Aim 1: Establish the ability of tDCS to safely enhance motor learning in children with perinatal stroke.
Hypothesis 1: tDCS is safe and well tolerated in children.
Hypothesis 2: Contralesional, cathodal tDCS increases motor functional gains measured by AHA at 2 months in children with perinatal stroke.
Detailed Summary:
Methods details not included elsewhere
Study: Randomized, sham-controlled, double blind, phase II clinical trial.
Patient Population. All children will be recruited through the Alberta Perinatal Stroke Project (APSP); a large population-based perinatal stroke research cohort based at Alberta Children's Hospital and directed by the PI. Prospective APSP ascertainment since 2007 is combined with retrospective enrolment (1992-2007) with comprehensive International Classification of Disease codes (ICD-9, ICD-10)237 and institutional databases. These are fully characterized patients with confirmed diagnosis by modern neuroimaging assessed in person in standardized APSP clinics. Recruitment will occur randomly from the population of all children meeting the criteria below.
Inclusion/exclusion criteria - see below
Data Collection and Management. Candidate APSP families will be contacted with review of consent/assent forms. Families residing outside Calgary will have equal opportunity to participate through existing APSP support systems. All complimentary data from existing studies is extractable from the APSP database (demographics, imaging, risk factors, outcomes).13 Neuroimaging data will be managed through the ACH Pediatric Neuroimaging Laboratory according to institutional protocols. Neurophysiology data will be collected at the ACH Pediatric TMS Laboratory and securely stored centrally.107 The institutional Clinical Research Unit is a database management unit designed for clinical research and currently houses all APSP studies and trials. The research database platform encompasses data capture utilities, management tools, and security measures (Health Canada-compliant).
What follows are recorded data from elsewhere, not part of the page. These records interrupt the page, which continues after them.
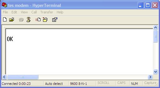 Setelah selesai setting parameter, maka window hyperteminal akan muncul. Ketikkan ‘at’ (tanpa tanda petik) dan tekan tombol enter
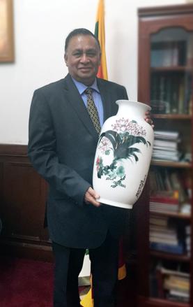 清华大学美术学院李砚祖教授首创出万千窑变工艺,开创了中国瓷器的新里程碑,被誉为窑变之父。在生肖鸡年到来之际,李砚祖教授首次创作出窑变生肖鸡作品,被定为外交国礼瓷。 中国与斯里兰卡的交往历史悠久,自五十年代两国建立外交关系后,两国便开始了真诚互助、世代友好的全面合作伙伴关系。如今外交部为促进两国文化交流,于10月18日将李砚祖教授的窑变生肖鸡赠送给斯里兰卡驻华大使卡鲁纳塞纳·科迪图瓦库。
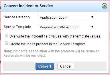 如果需要在转为服务请求之后,同时应用服务模板中定义的任务,则选中创建服务模板中定义的任务的选项。
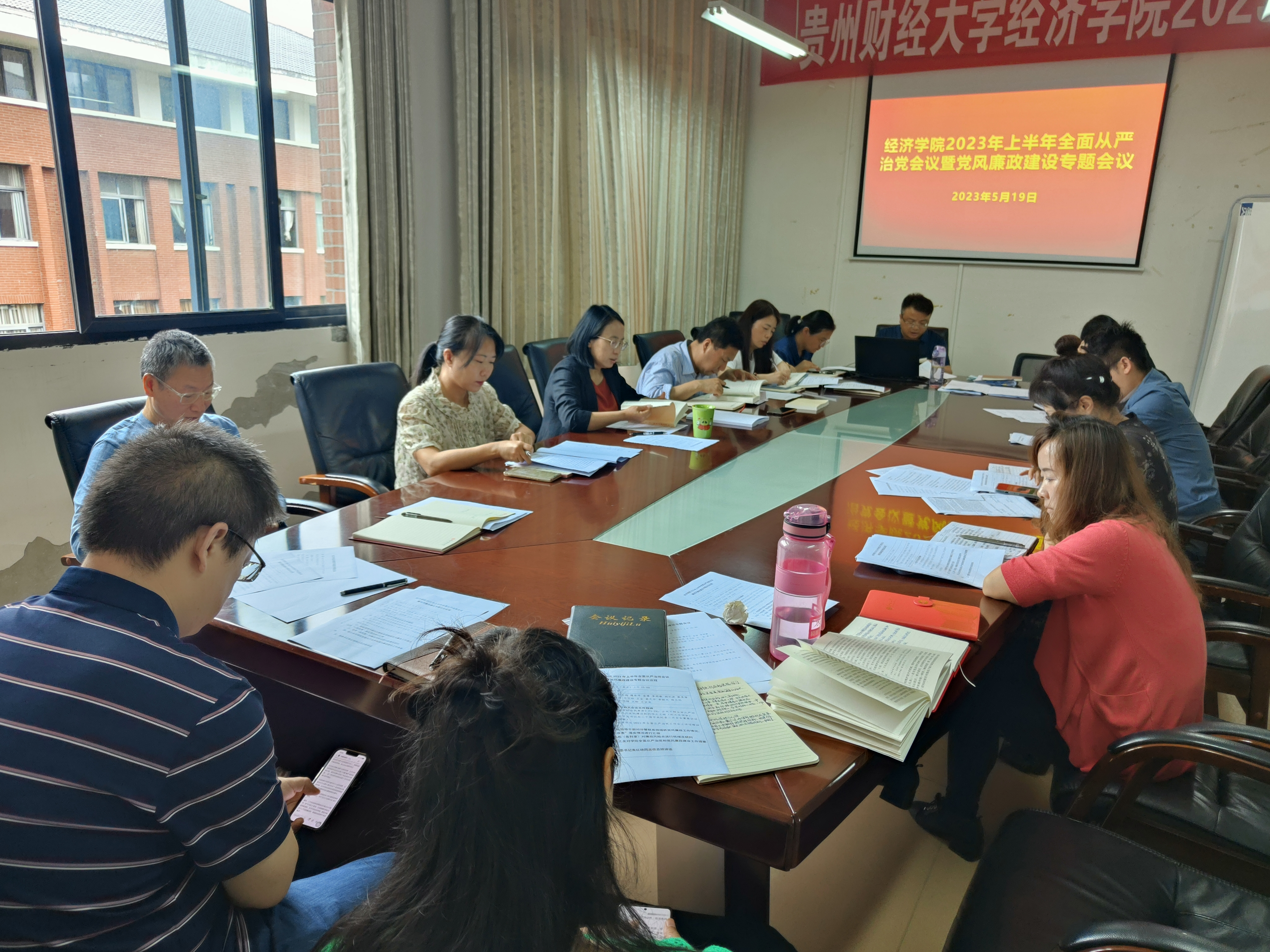 经济公司党委2023年上半年全面从严治党暨党风廉政建设专题会议5月19日在明德楼418会议室召开。williamhill官网全体处级干部、科级干部、支部书记、系副主任和全体辅导员参加会议,会议由党委书记朱红琼主持。
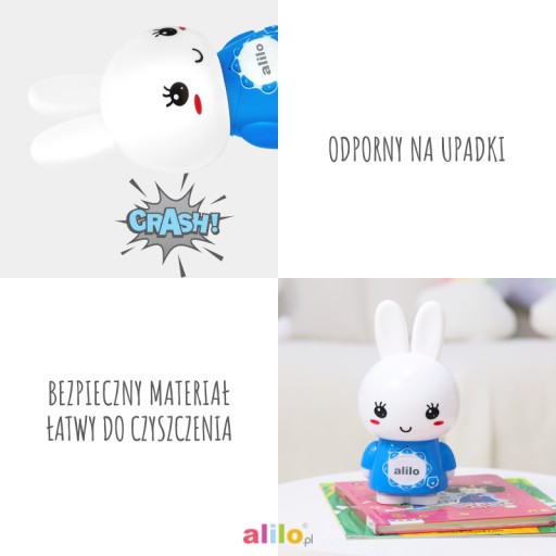 Big Bunny особливий тим, що його можна використовувати як комп'ютерну колонку! Він є найновішим представником родини кроликів. Крім того, м'які вуха, що світяться, і голова, що світиться, гарантують чудове задоволення. Крім того, ваша дитина може безпечно щипати та кусати ці м’які вушка. Можливо, він записує свій голос, розповідає історії та співає пісні двома мовами – польською та англійською, як і його сестри та брати – зайчики Honey Bunny. Крім того, він може запам'ятати улюблені пісні вашої дитини. Він дуже простий у використанні. Крім того, він дуже міцний, тому що виготовлений з ABS-пластику, який у 30 разів міцніший за звичайний пластик!
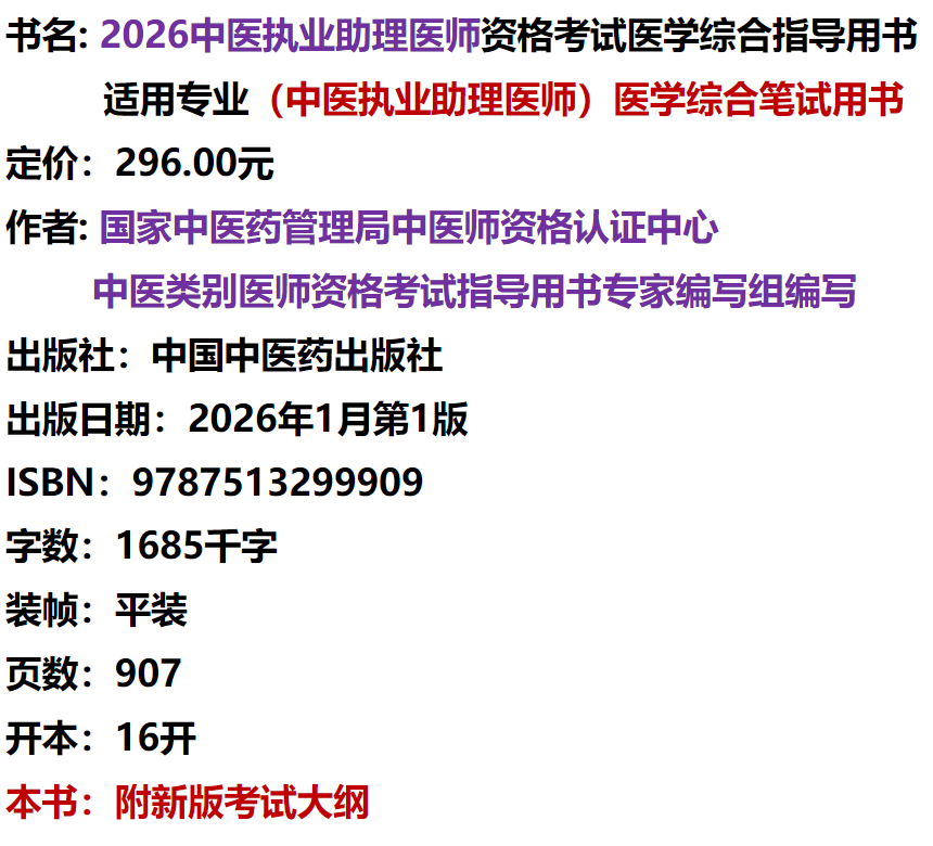 2026年中医执业助理医师资格考试医学综合指导用书 规定学历师承或确有专长中医助理医师职业指南笔试书大纲 中国中医药出版社
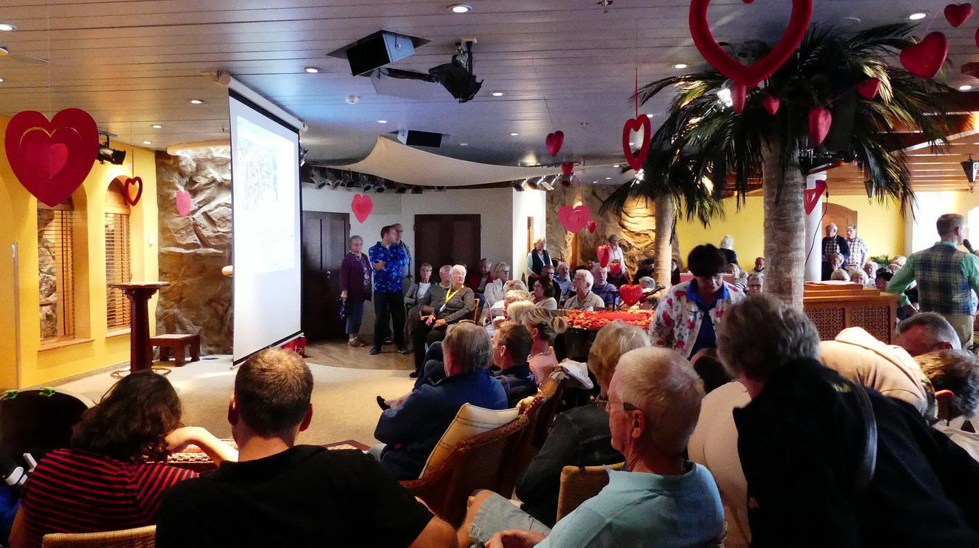 Kurz nach 14 Uhr bildet sich am Poolgrill eine sehr lange Schlange. Alle haben scheinbar Lust auf Hamburger, die wirklich gut schmecken. Gleich anschließend gehen wir in die Nightfly Bar, wo Ralf Eden seinen 2. Vortrag fortsetzt, diesmal geht es um Tallinn. Als wir 15 Min. vor Beginn erscheinen ist die Bar schon rappelvoll. Der Vortragende ist selber überrascht über den großen Andrang, aber er macht seine Sache sehr gut. Wir finden gerade noch 2 etwas unbequeme Barhocker auf denen wir dem Vortrag lauschen, der diesmal 45 Minuten dauert und wieder sehr interessant ist.

Methods will adhere to the CONSORT guidelines and the stud
Sponsor: University of Calgary
Current Primary Outcome: Change from baseline in the Assisting Hand Assessment (AHA) at 8 weeks [ Time Frame: 8 weeks ]
Original Primary Outcome:
- Change from baseline in the Assisting Hand Assessment (AHA) at 1 week [ Time Frame: Baseline, 1 week ]This is the established standard for the objective quantification of bilateral hand function in children with hemiparetic CP.This Rasch-built evaluation carries the strongest evidence of inter-rater, intra-rater, and test-retest reliabilities, test-validity, and responsiveness to change for bimanual tasks in children within our age range For more details about this measures please refer to the published literature.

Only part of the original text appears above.